Fig. 1 Schematic of sequential crosslinking of AHA using a primary addition reaction and a secondary radical polymerization.

Experimental

AHA synthesis

Acrylated hyaluronic acid (AHA) was synthesized via a 3-step protocol. All ¹H NMR spectra were recorded on a Bruker Avance 360MHz spectrometer.

Synthesis of HEA–succinate (HEA–suc). Succinic anhydride (1.5 eq.) and 2-hydroxyethyl acrylate (1 eq.) were combined in a 500 mL three neck round bottomed flask. Following a purge of nitrogen, 200 mL of anhydrous dichloroethane was cannulated into a flask and the reaction was heated to 65 °C. 1-Methylimidazole was added as a catalyst (0.06 eq.). The reaction was allowed to proceed for 18 h at 65 °C. The product was purified by extractions with aqueous 0.1 M HCl and 1 M NaCl and the organic layer was dried with MgSO₄. To avoid polymerization, a small amount of hydroquinone was added prior to drying. NMR (CDCl₃): δ (ppm) 2.70, 4H, m; 4.37, 4H, m; 5.87, 1H, dd; 6.14, 1H, dd; 6.44, 1H, dd.

Synthesis of the tetrabutylammonium salt of HA (HA–TBA). Sodium hyaluronate (1 eq.) was dissolved in 200 mL DI H₂O to give a ∼1 wt% solution. To this solution, the highly acidic ion exchange resin, Dowex-100 (3 eq., by mass), was added, and the slurry was stirred for 8 h, at which point the solution was filtered to remove the resin.
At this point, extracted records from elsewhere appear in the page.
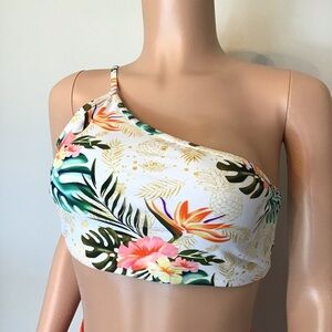 - 2 pc set includes floral, one shoulder bikini top with adjustable strap and removable bra pads. High waisted bottoms with Shirred sides.
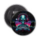 Alien spelar videospel med hörlurar på och handkontroll. Färgfull utomjordingskonst.
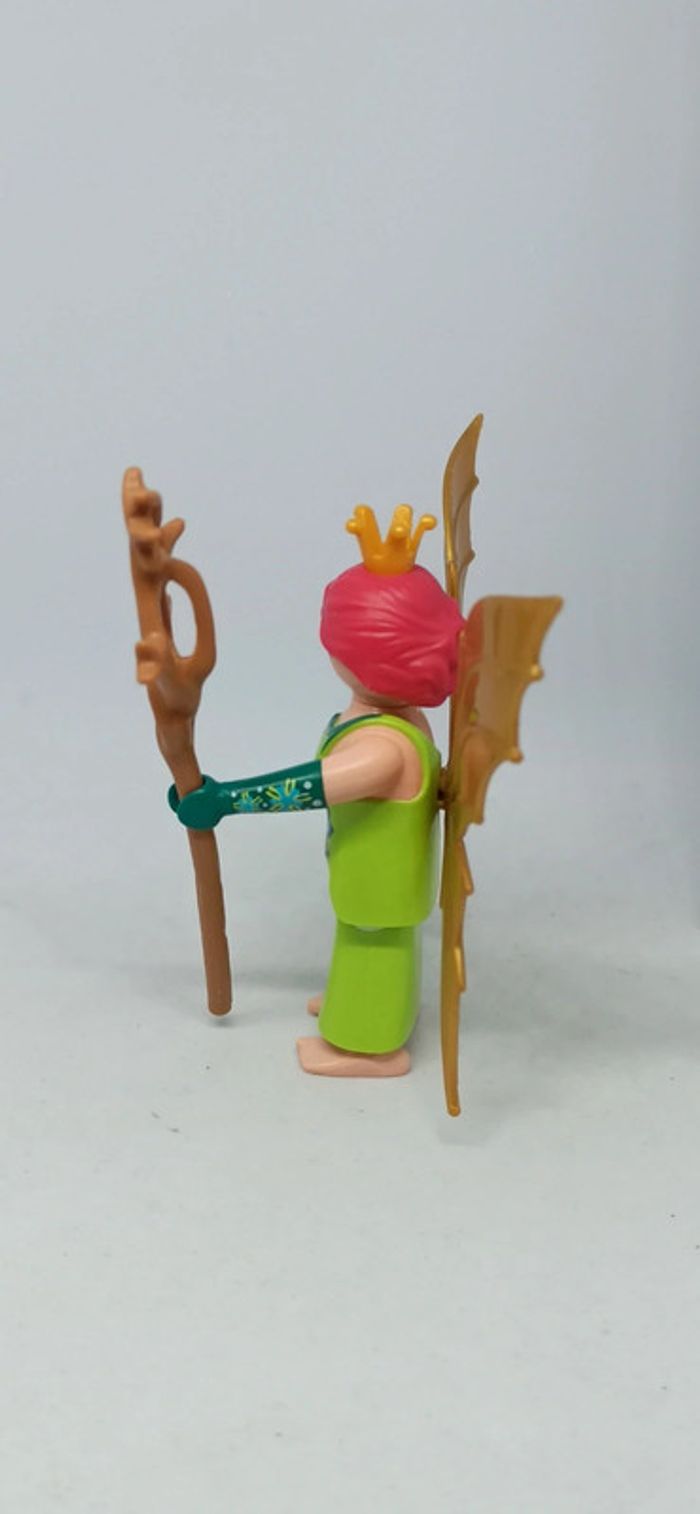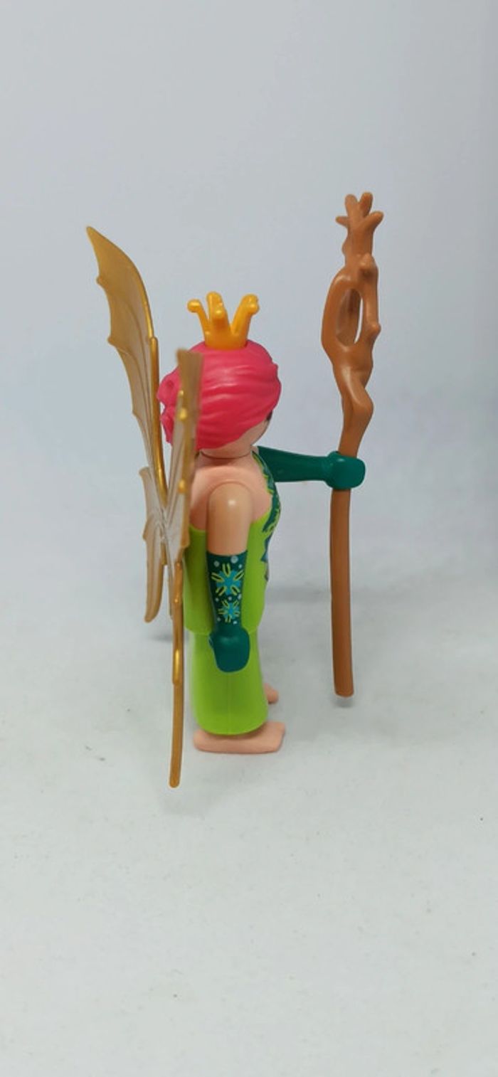 Fée femme ailes dorées avec cheveux roses et robe verte playmobil - photo numéro 3
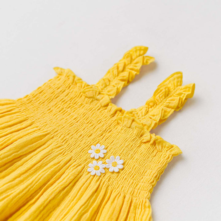 The smocked detailing adds stretch for a perfect fit, while the flowy design gives freedom of movement making it just right for daily wear, festive occasions, or casual outings. Durable and easy to care for, this frock gets even softer after every wash, becoming a wardrobe favorite for your child.
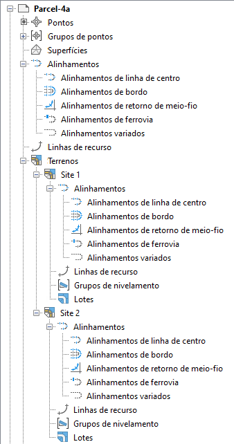 Expanda o nome de um alinhamento individual para exibir as vistas de superelevação, vistas do declive transversal, perfis, gráficos do perfil longitudinal e grupos de linhas de amostra que estão associadas com o alinhamento.
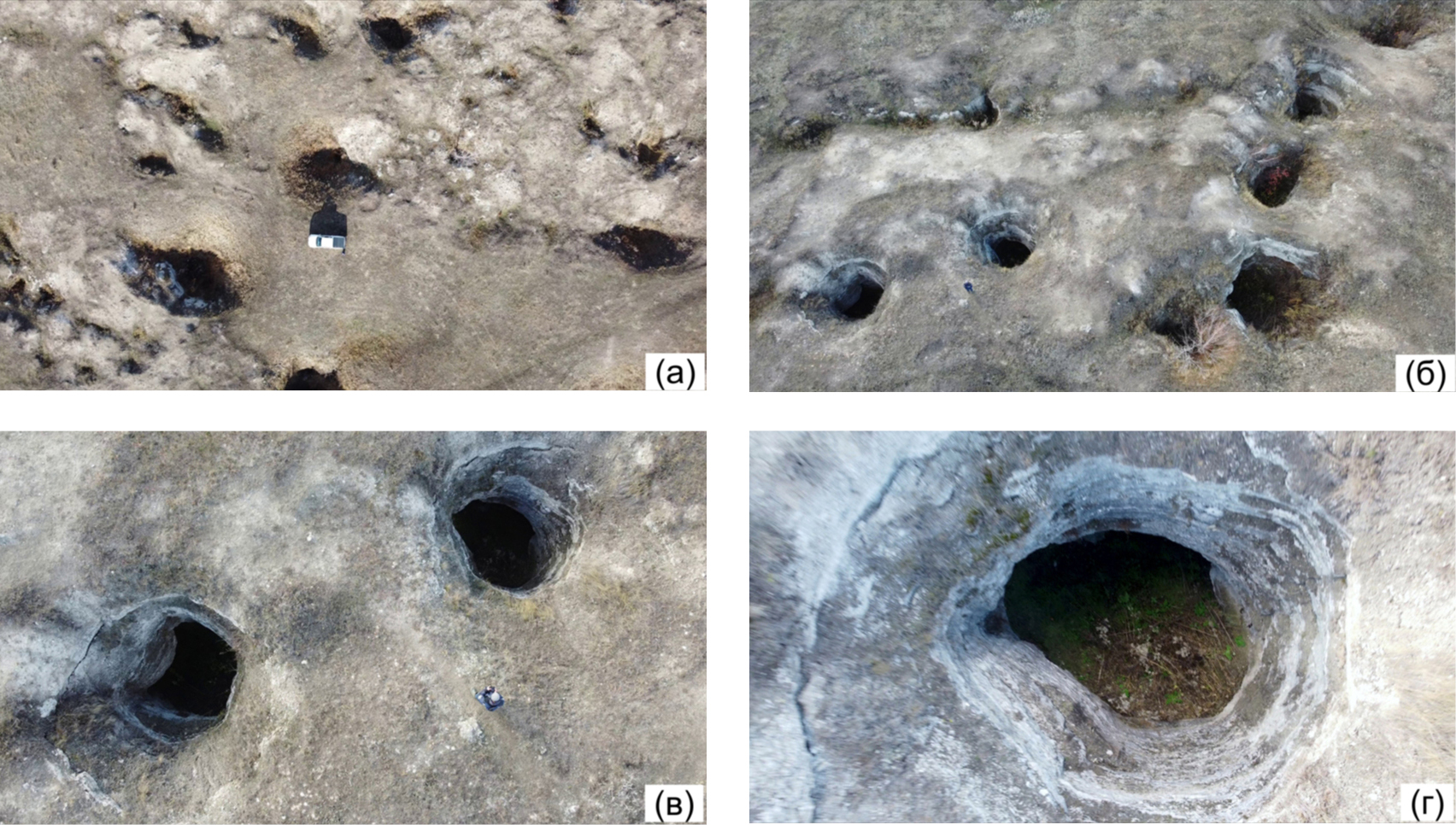 Fig. 8. Nival-corrosive wells at the Aurgazinskiy area: (а) and (б) – karst fields of wells, (в) and (г) – shape of wells. Photo by V.L. Mashin.
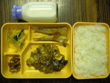 ごはん・ニギスの南蛮漬け・マーボーナス・野菜のからし和え・くるみ黒糖
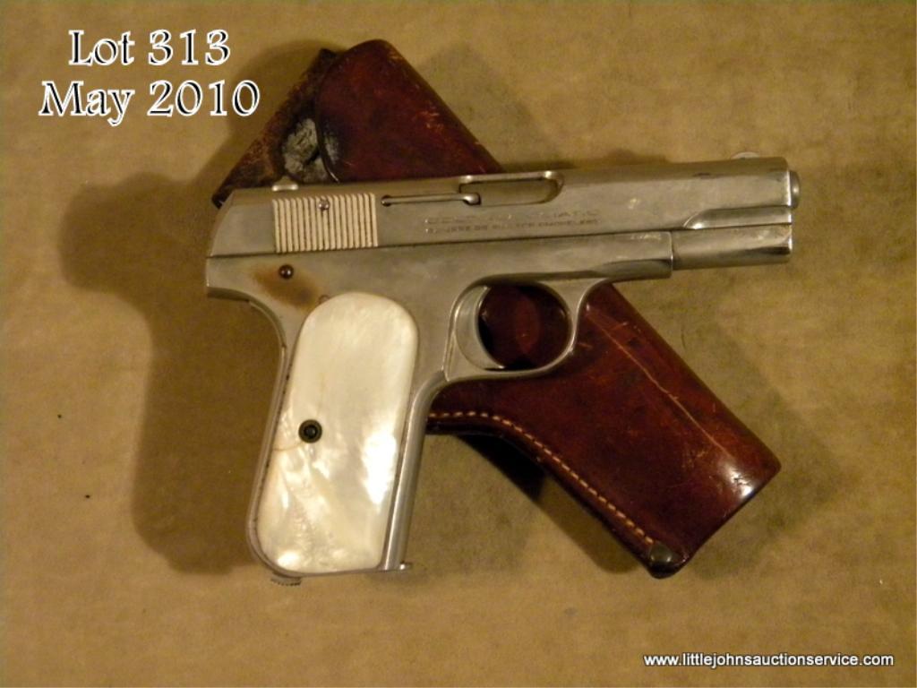 Colt Model 1903 semi-auto pistol, .32 cal., 4” barrel, nickel finish, pearl grips, #377828. This gun is in overall good to very good condition showing approx. 90% original uncleaned frosted nickel finish with the primary loss areas at therear of the frame that have gone dark brown and appear to have been from carry in the accompanying brown leather holster; there are a couple of points of knackering on the left side of the muzzle and what appears to be a driver’s licensenumber has been lightly scratched on the left side of the frame above the serial number. The bore is very good, the markings sharp and the action is crisp; the grips are very good and show the colorful hues of early factory or dealer additionwith an old hairline crack on the right grip at the escutcheon; correct magazine; holster in overall good condition and marked “H. H. Heiser, Maker, Denver, Colo.”. This gun should clean up nicely with some careful TLC. Est.: $300-$600.

The acidic solution was neutralized with 0.2 M tetrabutylammonium hydroxide (TBA–OH) to pH 7.02–7.05, forming a quaternary ammonium salt of hyaluronate and the tetrabutylammonium group (HA–TBA). The solution was frozen and lyophilized to yield the dry product. NMR (D₂O): δ (ppm) 4.2–4.6, 2H; 3.15–3.9, 10H; 3.1, 8H, dd; 1.9, 3H; 1.5, 8H; 0.82, 12H.

Coupling of HEA–suc and HA–TBA. HA–TBA (1 eq., repeat unit) and dimethylaminopyridine (DMAP, 0.075 eq.) were combined in an oven-dried 3-neck round-bottomed flask under nitrogen. The amount of DMAP and HEA–suc added relative to HA–TBA was varied to achieve different percentage acrylate functionalities. Anhydrous DMSO was cannulated into the sealed flask to give a roughly 1 wt% HA-TBA solution. The flask was heated to 45 °C, and following complete dissolution of the contents, di-tert-butyldicarbonate (1.5 eq.) was injected into the flask and the reaction was allowed to proceed for 18 h. The solution was then diluted 1 : 1 with DI H₂O, dialyzed extensively against DI H₂O, frozen, and lyophilized to yield the dry product.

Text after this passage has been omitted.